Here’s Amaya “going to my meeting".
And light saber outside after our dinner picnic.
It helps that all day long it’s popsicles, fruit raids, bike rides, backyard picnics, library trips, sprinklers, beach expeditions, shows and 1 itty bitty 5 minute lesson on the alphabet. Namely, the letter A, which we’ve been stuck on for about a month now. We’ve tried to move to other letters, but it results in the same issues, so we’ve decided to stick with A. A is for Amaya. But A is tricky. It changes to other letters no matter how many times it has been A, and sometimes numbers, apparently.
That 5 minutes is torturous, but somehow, we get through it. Then it’s back to blueberries in cups and playdough all over the kitchen table.
5 comments:
Do you love being on vacation? I'm really excited for you and hope that your 6 months of stay-at-home momness is awesome. You deserve it.
Sometimes I find that I'm jealous of my 8-week old baby.
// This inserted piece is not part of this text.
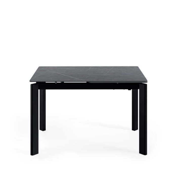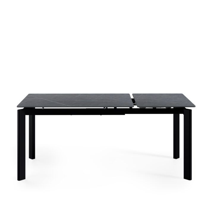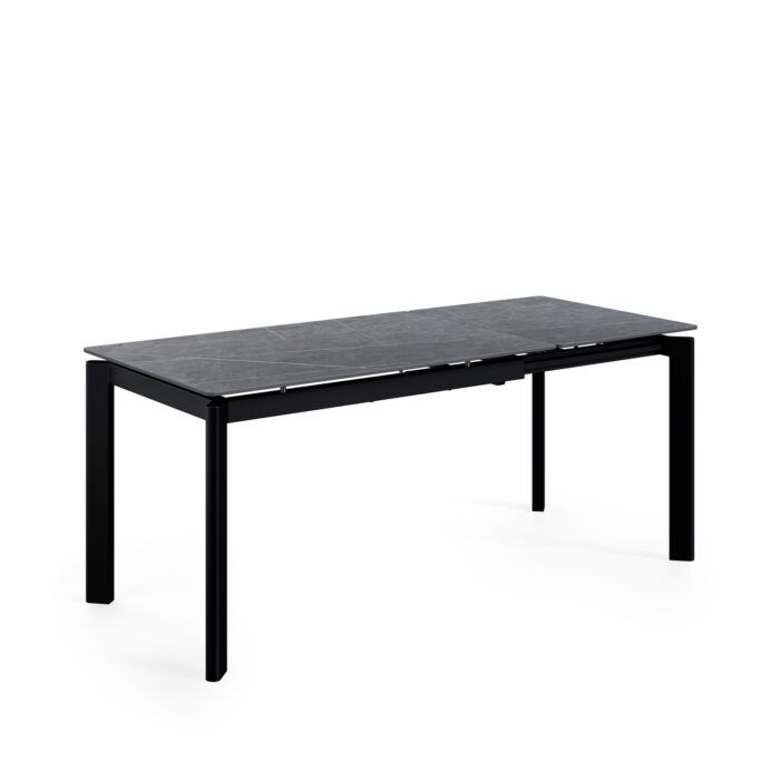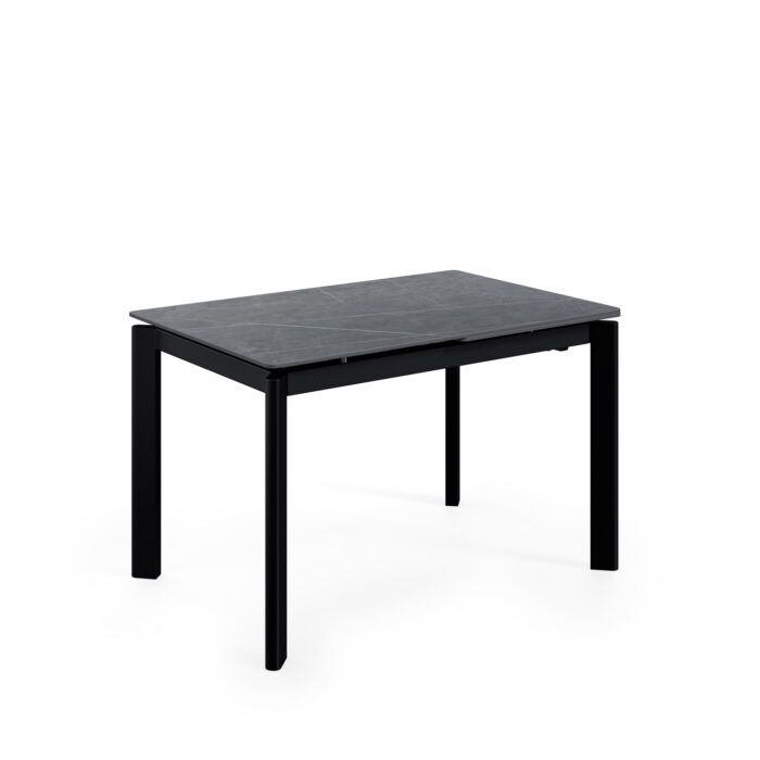 Mesa de comedor extensible en color gris y negro fabricada en porcelánico, combinado con metal.

I see her cuddled up in a warm ball, being rocked (by me) and fed (on demand, by me) and in my sleep-deprived delirium I just think how nice it would be to swap roles for a day.
I think with all of the bike riding and popsicles and picnics and beach fun I would be jealous of Amaya too.
Jealous in the good way, of course.
Rock on, super mamma.
i read your stories, but then i see her picture and i just can't imagine her being that naughty. looks can be deceiving i guess. maybe she'll be a really easy teenager.
Reading all the Amaya posts we have been having a running conversation about this, remembering how Miriam was, etc. Every kid (and every parent) is different, and they do change. Miriam was really hard in some ways, and she's still hard in some of those ways (still hates to sleep), but she's gotten a lot easier in other ways. She refused to learn the words of the ABC song (she would sing the melody and mix up the letters), until she went to first grade (in America) and saw she was the only kid who didn't know it. Teaching Miriam to read was torture (especially now that I'm teaching Gwyn and it is totally easy), but once Miriam figured it out and realized that it meant access to fairy stories 24/7, she has been non stop. She just finished the Hobbit. So you just don't know. Amaya seems plenty smart. I wouldn't worry about her academically.
Well, I guess it would be worse if she were ugly and naughty. Ha ha.
Believe me. She's naughty. Even the brand new preschool teacher knew her by name after 1 day and even gave that LOOK. You know the one. It's so weird to be on the other side of that.
Jesse: Learning to read is so torture. I hate it hate it hate it. And I'm not even teaching her how to read yet. Mostly I'm trying to teach her that certain things are really gross and she should stop doing them. Then we throw in some occasional letters. We worked on B today. I thought I was going to go into a tantrum.
I definitely don't worry about her socially. Except that she's SO social. I can imagine the parent teacher conferences in the future.
Da: I love being on vacation. I wish I could forget that I have things to do while I'm on vacation.
Metta: I'm totally jealous of babies. It's so much better than being an adult.